[Listed entries]:
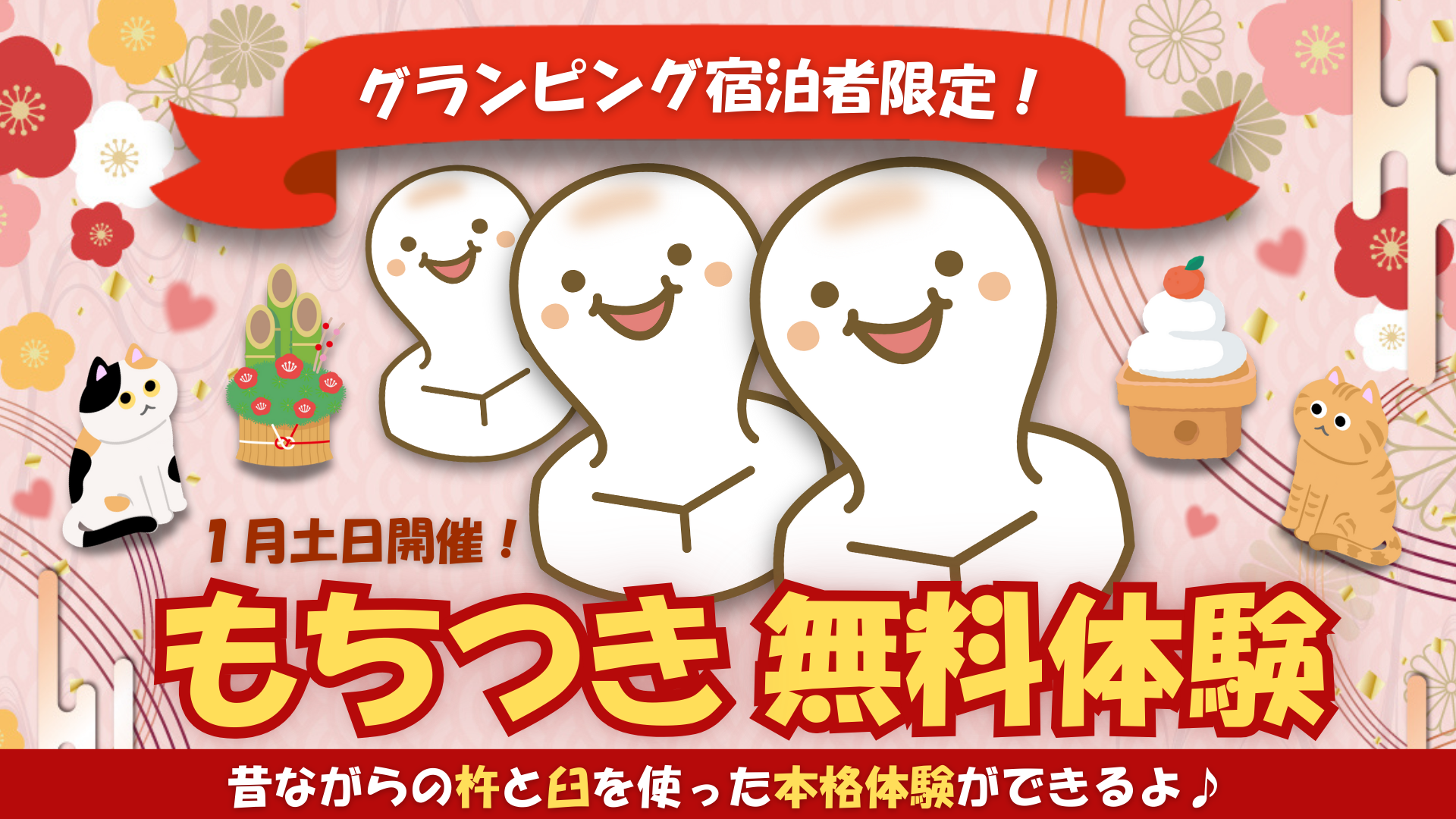 グランピングで楽しむ無料の本格もちつき体験!
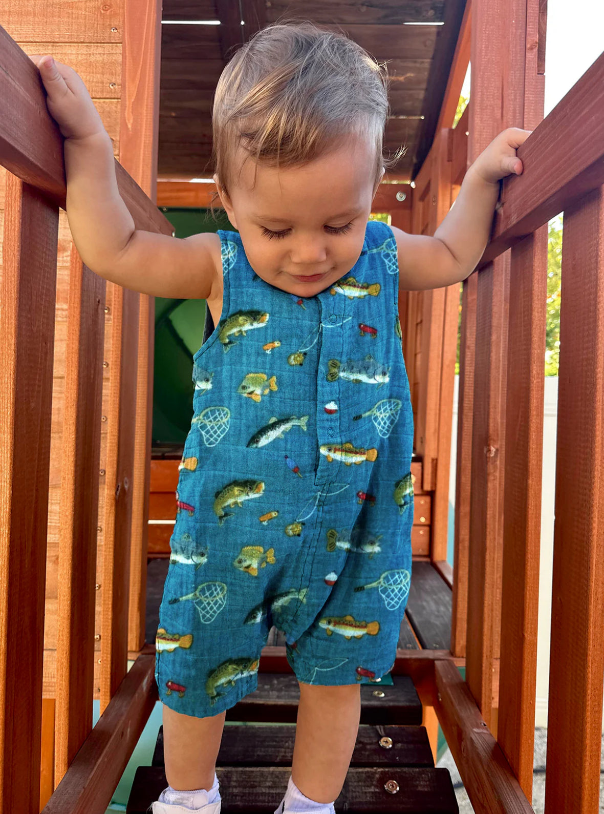 Gone fishing muslin romper
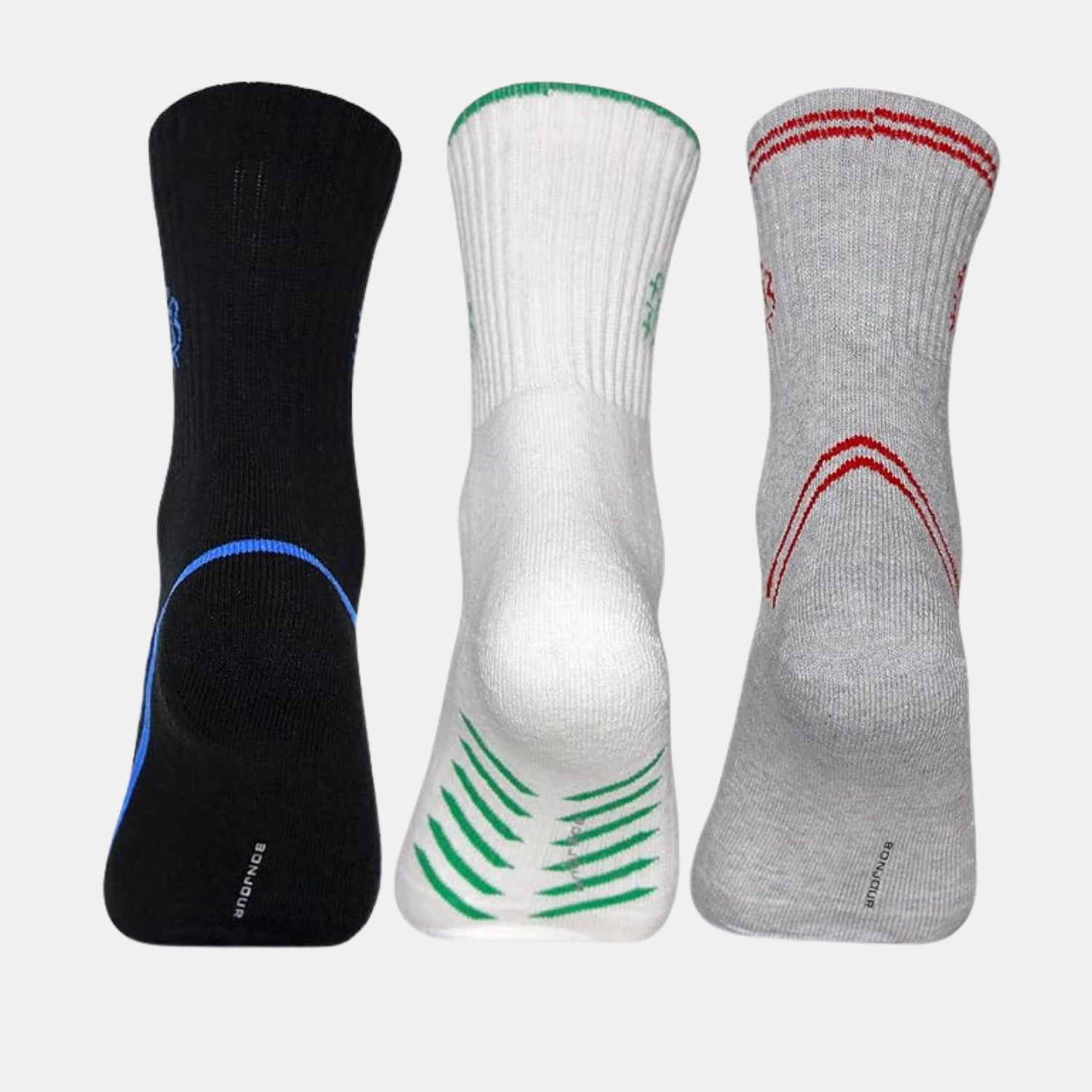 Bonjour Men's Cushioned Multicolored Sports Crew Length Socks with a different design, pattern and color to fulfil your various needs in one pack. These Socks club well to compliment your dressing for any purpose like going out for party picnic, in-office or in a club. These Bonjour Casual and Sports Socks are crafted using extremely soft Cotton blend Fabric. Your feet Relax in these super soft designed Socks. They are designer creation in classic and vibrant color to Groom your look. Socks have a gentle grip and light feel on the skin. So these socks suit well with any pattern Shoes.
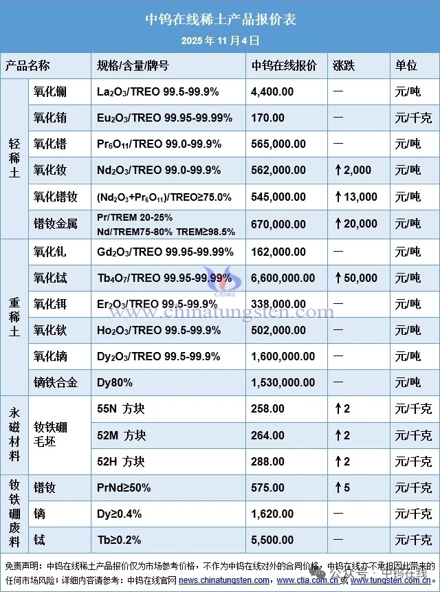 $厦门钨业(SH600549)$ 11月4日稀土价格继续上涨
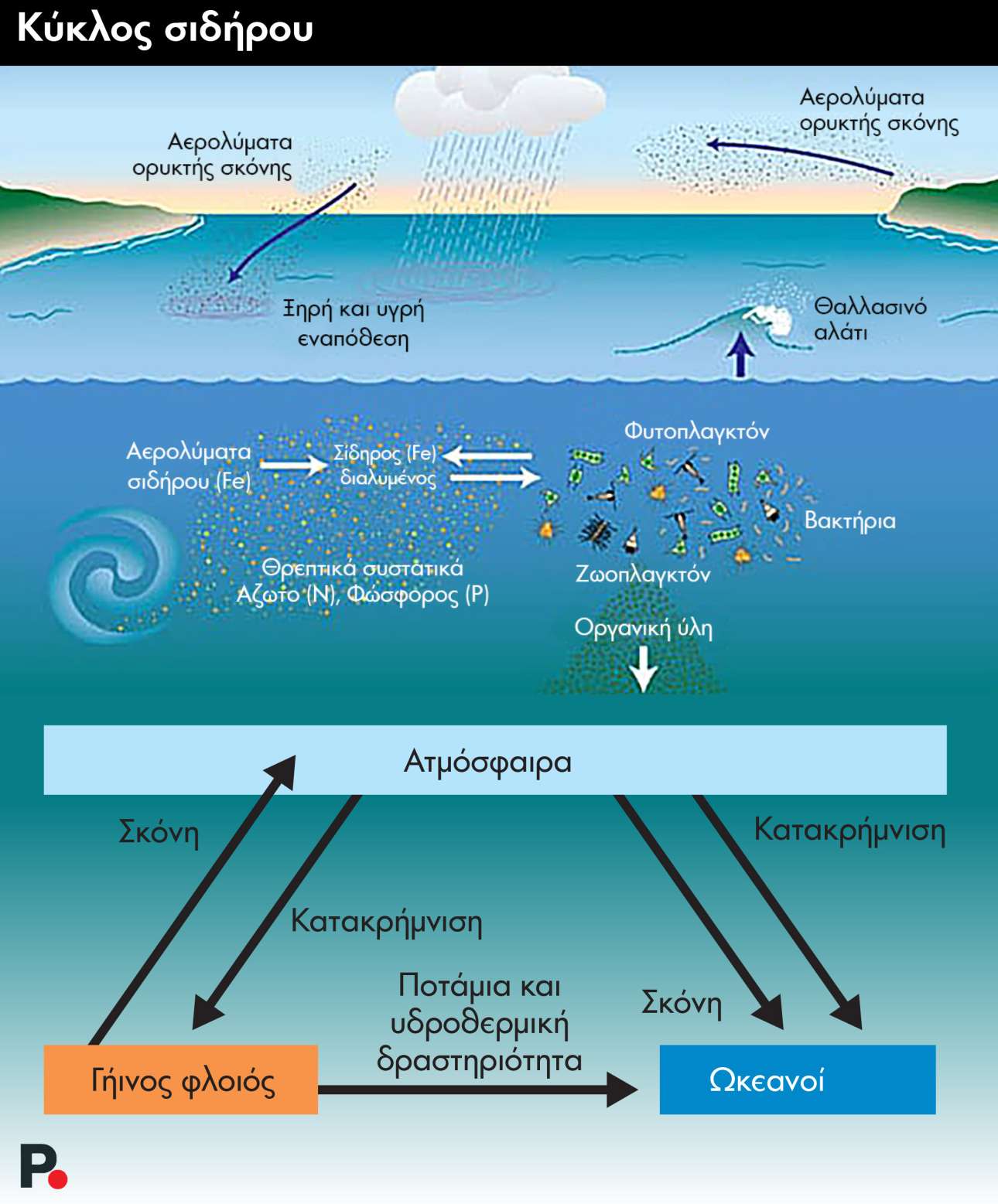 Λοιπόν, ο σίδηρος είναι το πιο άφθονο ιχνοστοιχείο σε θαλάσσιους και χερσαίους οργανισμούς, αναγκαίος για τον σχηματισμό μεταλλοενζύμων που αποτελούν βασικούς παράγοντες σε πολλές διαδικασίες της ζωής, μεταξύ των οποίων και στη φωτοσύνθεση, καθώς παίζει σημαντικό ρόλο στον σχηματισμό της χλωροφύλλης, και γενικότερα στην ανάπτυξη των φυτών. Ο σίδηρος συμβάλλει ουσιαστικά στην οξυγόνωση των οργανισμών και την ανάπτυξή τους, πράγμα που ισχύει και για το ανθρώπινο σώμα, καθώς αποτελεί βασικό συστατικό της αιμοσφαιρίνης, που μεταφέρει το οξυγόνο σε όλο το σώμα.
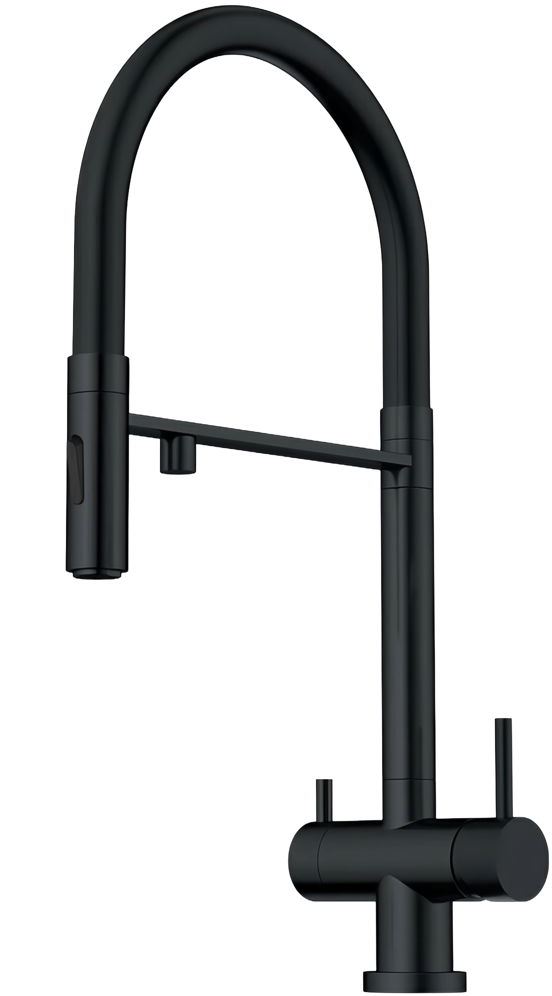 Dominion Кухонный Смеситель С Гибким Изливом (KT0414-B) Черный – функциональный, выполненный в лаконичном актуальном дизайне, позволяет эстетично оформить зону мойки на вашей кухне. Гибкий излив позволяет легко регулировать направление струи воды, также его можно зафиксировать, с помощью магнитного механизма держателя. Подача водопроводной воды регулируется рычагом справа, а кнопка, расположенная на гибком изливе позволяет выбрать один из двух режимов подачи струя или душ. Пластиковый аэратор не только смягчает воду, делая ее более приятной для использования, но и предотвращает разбрызгивание. В держатель интегрирован излив с независимым каналом для питьевой воды из фильтра, управление подачей питьевой воды производится рычагом слева. Излив можно поворачивать на 360 градусов, что позволяет подстраивать смеситель под любой размер раковины. Данный смеситель обеспечит эстетичность, комфорт и функциональность на вашей кухне, а совмещение подачи питьевой и водопроводной воды в одной конструкции избавит от необходимости ставить дополнительный кран.
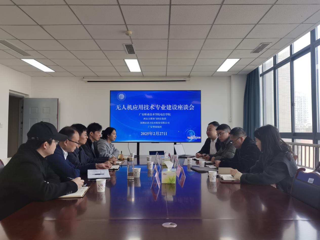本次座谈会邀请了深圳市讯方技术股份有限公司、西安天翼智飞科技集团有限公司、广安枣园投资开发集团有限公司等企业代表,就无人机技术的应用前景、产业发展趋势以及校企合作模式展开深入交流。与会企业分享了无人机行业发展趋势,重点介绍了无人机在农业植保、巡检、测绘、编队表演、物流运输、应急管理、影视拍摄等领域的具体应用场景,以及无人机产业链上下游的就业方向,包括生产、安装、调试、飞控、维修、营销和应用研究情况等。
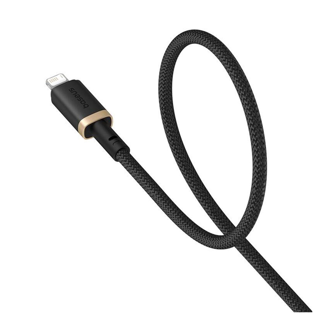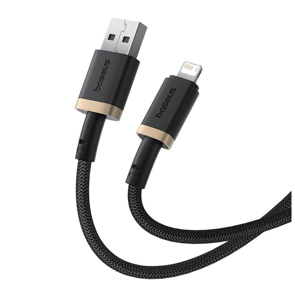 Kábel Baseus Dura Series zaujme na prvý pohľad svojím sofistikovaným dizajnom. Je vyvedený v čiernej farbe s vysoko hustým nylonovým opletením, ktoré mu propůjčuje nielen luxusný vzhľad, ale predovšetkým výnimočnú odolnosť proti zamotaniu a mechanickému poškodeniu. Konektory USB-A a Lightning sú vyrobené z nerozbitej hliníkovej zliatiny a zdobí ich elegantný zlatý prstenec, ktorý podčiarkuje prémiový charakter produktu.
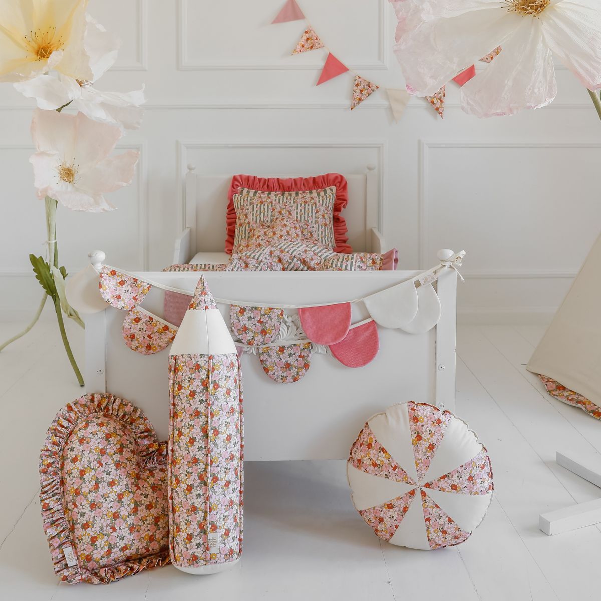 Wersja w kwiaty to propozycja dla osób, które cenią naturalne, delikatne motywy inspirowane przyrodą. Kwiatowy wzór dodaje świeżości, koloru i radosnego charakteru. Świetnie współgra z pastelami, naturalnymi materiałami oraz tkaninami typu bouclé, tworząc harmonijną i przytulną przestrzeń.
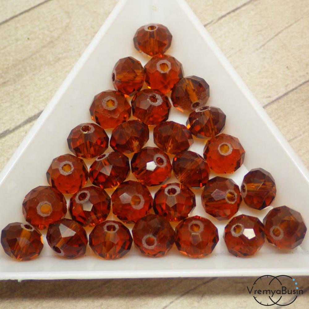 Бусины-рондели из граненого стекла, цвет КОРИЧНЕВЫЙ, размер 8 мм (упак. 10 шт.)
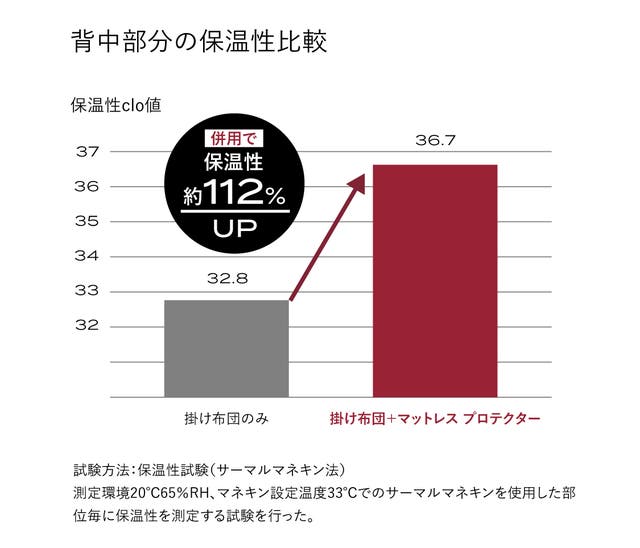 併用する事で、背中部分の保温性が112%UP。下からの冷えもしっかり防寒します。
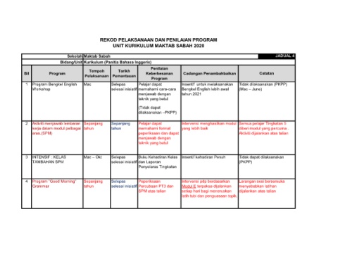 REKOD PELAKSANAAN DAN PENILAIAN PROGRAM

[Work to be completed]:
When copying the material, leave every image behind and keep each line verbatim.

[Written reply]:
 グランピングで楽しむ無料の本格もちつき体験!
 Gone fishing muslin romper
 Bonjour Men's Cushioned Multicolored Sports Crew Length Socks with a different design, pattern and color to fulfil your various needs in one pack. These Socks club well to compliment your dressing for any purpose like going out for party picnic, in-office or in a club. These Bonjour Casual and Sports Socks are crafted using extremely soft Cotton blend Fabric. Your feet Relax in these super soft designed Socks. They are designer creation in classic and vibrant color to Groom your look. Socks have a gentle grip and light feel on the skin. So these socks suit well with any pattern Shoes.
 $厦门钨业(SH600549)$ 11月4日稀土价格继续上涨
 Λοιπόν, ο σίδηρος είναι το πιο άφθονο ιχνοστοιχείο σε θαλάσσιους και χερσαίους οργανισμούς, αναγκαίος για τον σχηματισμό μεταλλοενζύμων που αποτελούν βασικούς παράγοντες σε πολλές διαδικασίες της ζωής, μεταξύ των οποίων και στη φωτοσύνθεση, καθώς παίζει σημαντικό ρόλο στον σχηματισμό της χλωροφύλλης, και γενικότερα στην ανάπτυξη των φυτών. Ο σίδηρος συμβάλλει ουσιαστικά στην οξυγόνωση των οργανισμών και την ανάπτυξή τους, πράγμα που ισχύει και για το ανθρώπινο σώμα, καθώς αποτελεί βασικό συστατικό της αιμοσφαιρίνης, που μεταφέρει το οξυγόνο σε όλο το σώμα.
 Dominion Кухонный Смеситель С Гибким Изливом (KT0414-B) Черный – функциональный, выполненный в лаконичном актуальном дизайне, позволяет эстетично оформить зону мойки на вашей кухне. Гибкий излив позволяет легко регулировать направление струи воды, также его можно зафиксировать, с помощью магнитного механизма держателя. Подача водопроводной воды регулируется рычагом справа, а кнопка, расположенная на гибком изливе позволяет выбрать один из двух режимов подачи струя или душ. Пластиковый аэратор не только смягчает воду, делая ее более приятной для использования, но и предотвращает разбрызгивание. В держатель интегрирован излив с независимым каналом для питьевой воды из фильтра, управление подачей питьевой воды производится рычагом слева. Излив можно поворачивать на 360 градусов, что позволяет подстраивать смеситель под любой размер раковины. Данный смеситель обеспечит эстетичность, комфорт и функциональность на вашей кухне, а совмещение подачи питьевой и водопроводной воды в одной конструкции избавит от необходимости ставить дополнительный кран.
本次座谈会邀请了深圳市讯方技术股份有限公司、西安天翼智飞科技集团有限公司、广安枣园投资开发集团有限公司等企业代表,就无人机技术的应用前景、产业发展趋势以及校企合作模式展开深入交流。与会企业分享了无人机行业发展趋势,重点介绍了无人机在农业植保、巡检、测绘、编队表演、物流运输、应急管理、影视拍摄等领域的具体应用场景,以及无人机产业链上下游的就业方向,包括生产、安装、调试、飞控、维修、营销和应用研究情况等。
 Kábel Baseus Dura Series zaujme na prvý pohľad svojím sofistikovaným dizajnom. Je vyvedený v čiernej farbe s vysoko hustým nylonovým opletením, ktoré mu propůjčuje nielen luxusný vzhľad, ale predovšetkým výnimočnú odolnosť proti zamotaniu a mechanickému poškodeniu. Konektory USB-A a Lightning sú vyrobené z nerozbitej hliníkovej zliatiny a zdobí ich elegantný zlatý prstenec, ktorý podčiarkuje prémiový charakter produktu.
 Wersja w kwiaty to propozycja dla osób, które cenią naturalne, delikatne motywy inspirowane przyrodą. Kwiatowy wzór dodaje świeżości, koloru i radosnego charakteru. Świetnie współgra z pastelami, naturalnymi materiałami oraz tkaninami typu bouclé, tworząc harmonijną i przytulną przestrzeń.
 Бусины-рондели из граненого стекла, цвет КОРИЧНЕВЫЙ, размер 8 мм (упак. 10 шт.)
 併用する事で、背中部分の保温性が112%UP。下からの冷えもしっかり防寒します。
 REKOD PELAKSANAAN DAN PENILAIAN PROGRAM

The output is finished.